This page aims at featuring our early careers researchers. Please feel free to browse through their pages. They all answered several questions regarding their career path and interests.
Daniel Ohm, PhD
Position: Research Associate
University of Pennsylvania
Neuropathology, neuroanatomy, cytoarchitecture, selective vulnerability, neurodegeneration, clinicoanatomical correlations
📧 [email protected]
What is your area of research as it relates to FTD?
I’m a translational neuroscientist with research that aims to identify the most vulnerable brain regions and neuronal pathways that underlie the behavioral and cognitive impairments characteristic of frontotemporal dementia (FTD) and related disorders. I use a neuroanatomical framework and develop new high-throughput postmortem approaches to quantify changes to the arrangement and quantity of neurons and axons (cytoarchitecture and myeloarchitecture) in a concerted effort to find disease-specific patterns of microscopic degeneration. I plan to connect these microscopic changes to macroscopic networks, cognitive decline, and in vivo biomarkers in the FTD spectrum.

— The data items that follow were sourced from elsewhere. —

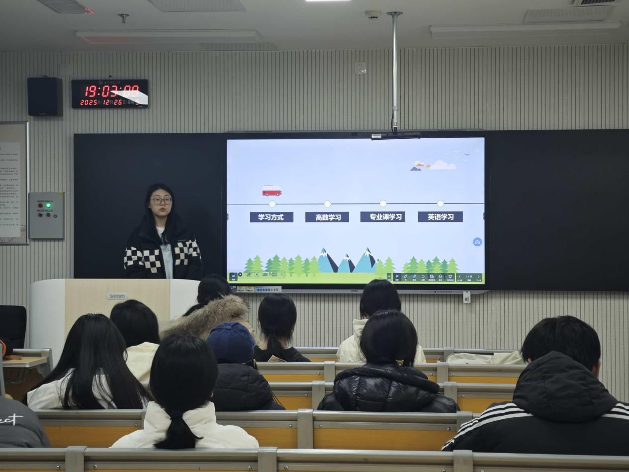 12月26日晚上,51视频 于致知楼B408、B409、格物楼B110和B111教室举办25级学生学习经验分享会,本次交流会由学院23级学生代表孟思雨、雷佳音、崔芯宁等主讲,25级全体学生参加。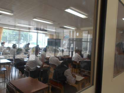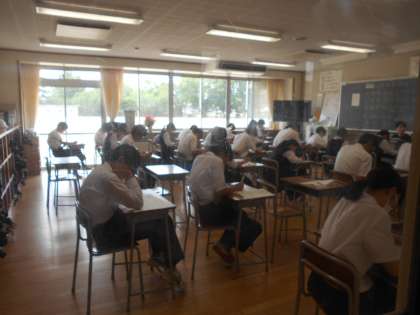 廊下からのガラス越しですが、期末評価に真剣に取り組む様子です。
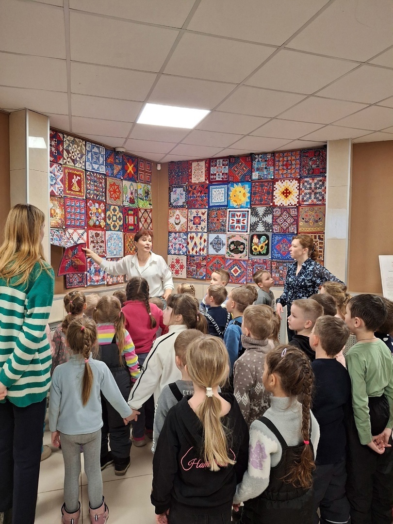 Посетителями выставки стали воспитанники Шилыковского детского сада, участницы студии «Крылья» и клуба «Рукодельница» при Лежневском доме культуры, а также учащиеся районных школ и многочисленные гости учреждений культуры. Интересно, что педагоги детского сада «Теремок» п. Шилыково построили экскурсию для своих ребят в форме развивающего занятия. Детям было предложено внимательно рассмотреть сюжеты, изображённые на фрагментах коллективного проекта «Русский стиль в лоскутном шитье», и вспомнить названия знакомых сказок, назвать пословицы, загадки, посчитать периодичность повторения определённого рисунка. Свои наблюдения дети зафиксировали в специально разработанном педагогами чек-листе.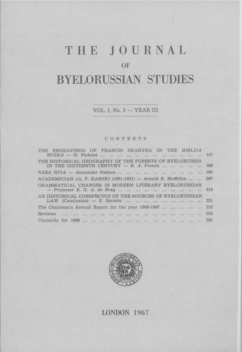 The Journal of Belarusian Studies 1967 (Vol. I, No. 3, Year III)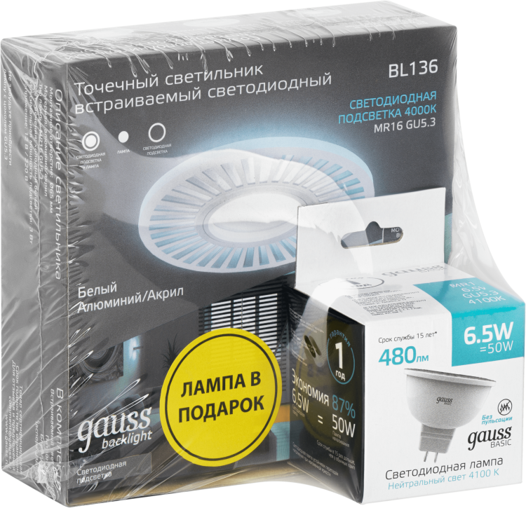 Набор Gauss Светильник Backlight BL136 3W + Лампа MR16 6,5W 480lm 4100K GU5.3 LED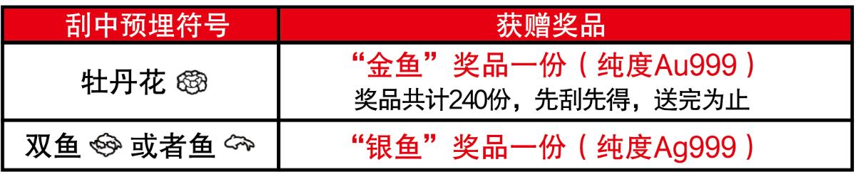 活動(dòng)期間,彩民在我省任一體彩銷售網(wǎng)點(diǎn)購買30元面值“富貴有余”主題即開票,若單張彩票刮出符合獎(jiǎng)勵(lì)條件的預(yù)埋符號(hào),并經(jīng)兌獎(jiǎng)設(shè)備(IVT或BCR等)完成掃描確認(rèn)(促銷兌獎(jiǎng))且剪角處理后,即可獲贈(zèng)精美獎(jiǎng)品一份,詳見下表: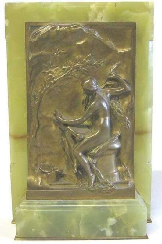 Gilt bronze relief plaque depicting a female nude writing, signed H. Chapu, with Thiebaut Freres, Paris foundry mark, mounted on a green onyx back with bronze underplate. .

What inspired you to do FTD research?
I’m deeply interested in the neuroanatomy of human behavior and how it is altered by pathologic and/or aging processes in neurodegenerative disorders including FTD. FTD often robs people of their language, behavior, and personality, so I hope I can contribute new understanding to the disease processes in FTD to improve diagnostics and efficacious interventions.
What challenges have you faced in FTD research?
Given that FTD disorders and the proteinopathies that cause them are relatively rare, it can be difficult to collect and study large enough cohorts of human postmortem brain tissue to generalize findings. With increased advocacy of brain donation and more domestic and international collaborations, I anticipate we will overcome this challenge and accelerate advancements in FTD research.
What hopes do you have for FTD research?
Despite the clinical, pathologic, and anatomical heterogeneity in the FTD spectrum, I believe that investigating the anatomical correlates of the complex heterogeneity will uncover which cells are the most and least vulnerable to disease, directing the development of better therapeutics to protect and maintain the integrity of neuronal connections.